Blaming the victim?

British police find that some rape victims who believe they were drugged were actually just drunk. Does it matter?

Published November 16, 2006 9:44PM (EST)

A couple of weeks ago Sheik Taj El-Din Hamid Hilaly, Australia's highest-ranking Islamic cleric, provoked a storm of outrage when he suggested that unveiled women were like "uncovered meat," asking for whatever they got even if the getting meant gang rape. Pundits and politicians alike rushed to declare that enlightened society shouldn't tolerate this sort of misogyny.

Couldn't agree more. But when the bilious blame-the-victim rhetoric isn't spewed from a mosque pulpit, and issues instead from an enlightened government's "study," the idea that women are actually to be blamed for being raped still seems to carry serious currency.

Yesterday BBC News reported that a new study by the British Association of Chief Police Officers had "sparked a sparked a debate over how much the victims themselves are to blame." The study, which found that many sexually assaulted women are drunk, prompted Tory M.P. Ann Widdecombe to tell the BBC: "It is time women accepted that part of liberation is taking responsibility for themselves and their safety." Widdecombe and other supporters of the study insisted that the point was not to blame women for being sexually attacked, but to point out that many women who are victims of sexual assault are getting blitzed and later claiming to have been raped.

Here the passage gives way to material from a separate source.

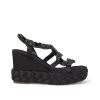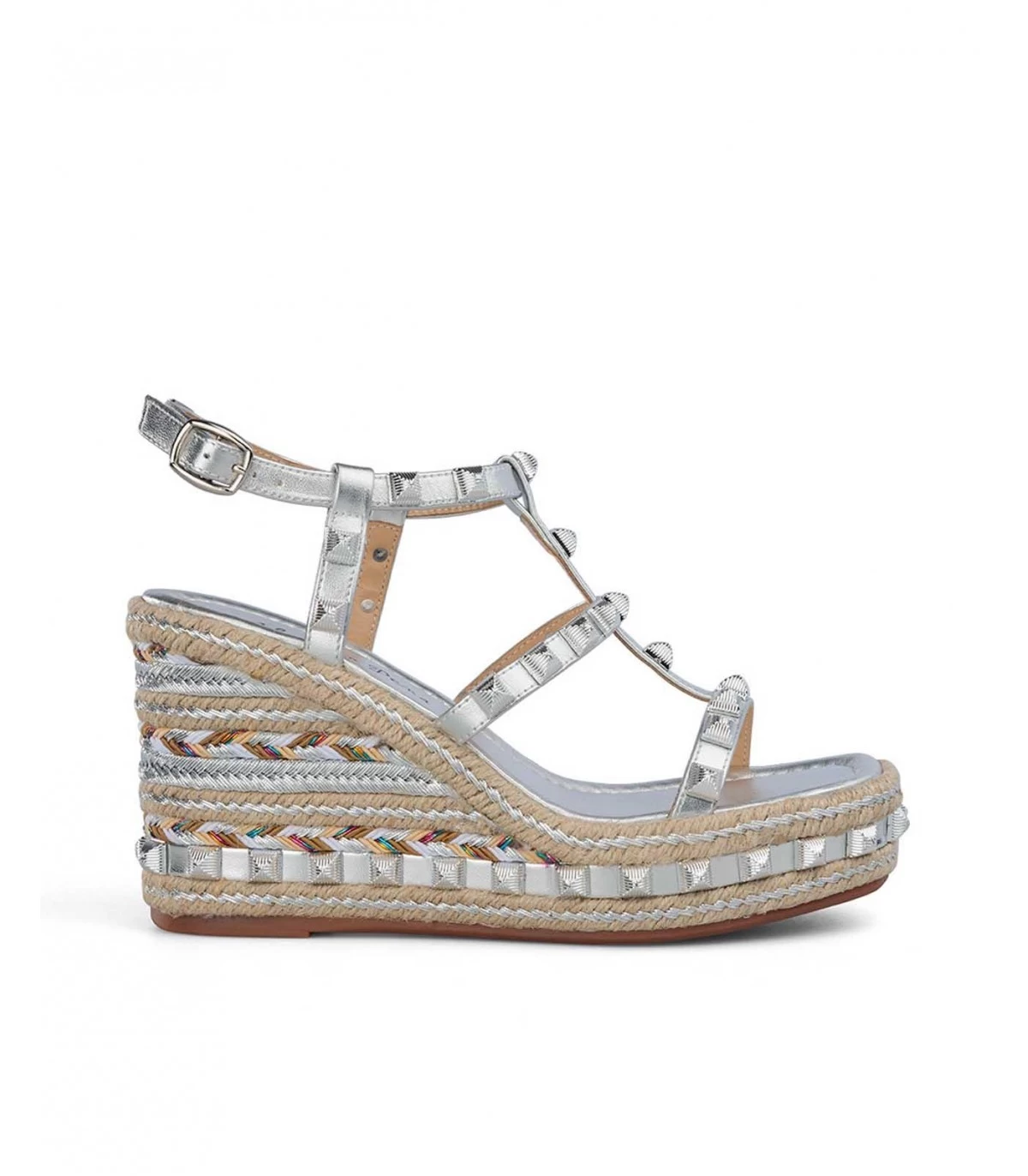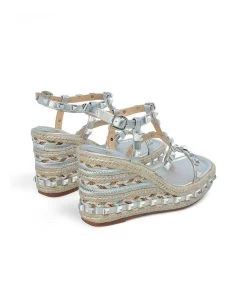 Sandalia cuña de piel con detalle trenzado y de pedrería. Punta cuadrada. Cierre con hebilla en tobillo y altura de tacón de 9,5cm

Hmmm ... smells like a distinction without a difference to me.

Brit feminist writer and activist Julie Bindel nailed the point that there's a growing backlash regarding women, drinking and rape. "Alcohol has undoubtedly become the new short skirt in the way that people are looking to put the blame and the onus and the responsibility on women rather than men.

"The media doesn't want to look at why men want to have sex with comatose, drunk women, often covered in vomit, often lying in streets, on the floor, without any notion of what's happening to them."

The BBC also notes that "men drink too, and they do not expect to be raped." What's interesting, though, is that the study didn't seem to look at whether men were drunk when they were raping women. Shouldn't that be a fact of more concern?

Loutish lads and ladettes have become notorious for promoting retching excess in Britain's urban pub culture, and there's been plenty of consternation about women's role in the sinfest. So it's not surprising that the police should try to sound alarms about a culture of drinking and bad behavior that no doubt leads to more crimes and makes their jobs harder (not to mention stinkier).

Whether you're a man or a woman, getting so pissed that you're half comatose isn't exactly worthy of admiration -- but come on! When people are mugged for walking down the street in the middle of the night, we don't commission studies to suggest that people should be more responsible about where they walk. Is it any less of a mugging because the victim was foolish enough to make him- or herself vulnerable?

Criminals have always targeted the vulnerable. But the fact that some women put themselves in harm's way shouldn't prompt moral finger-pointing.


By Carol Lloyd

Carol Lloyd is currently at work on a book about the gentrification wars in San Francisco's Mission District.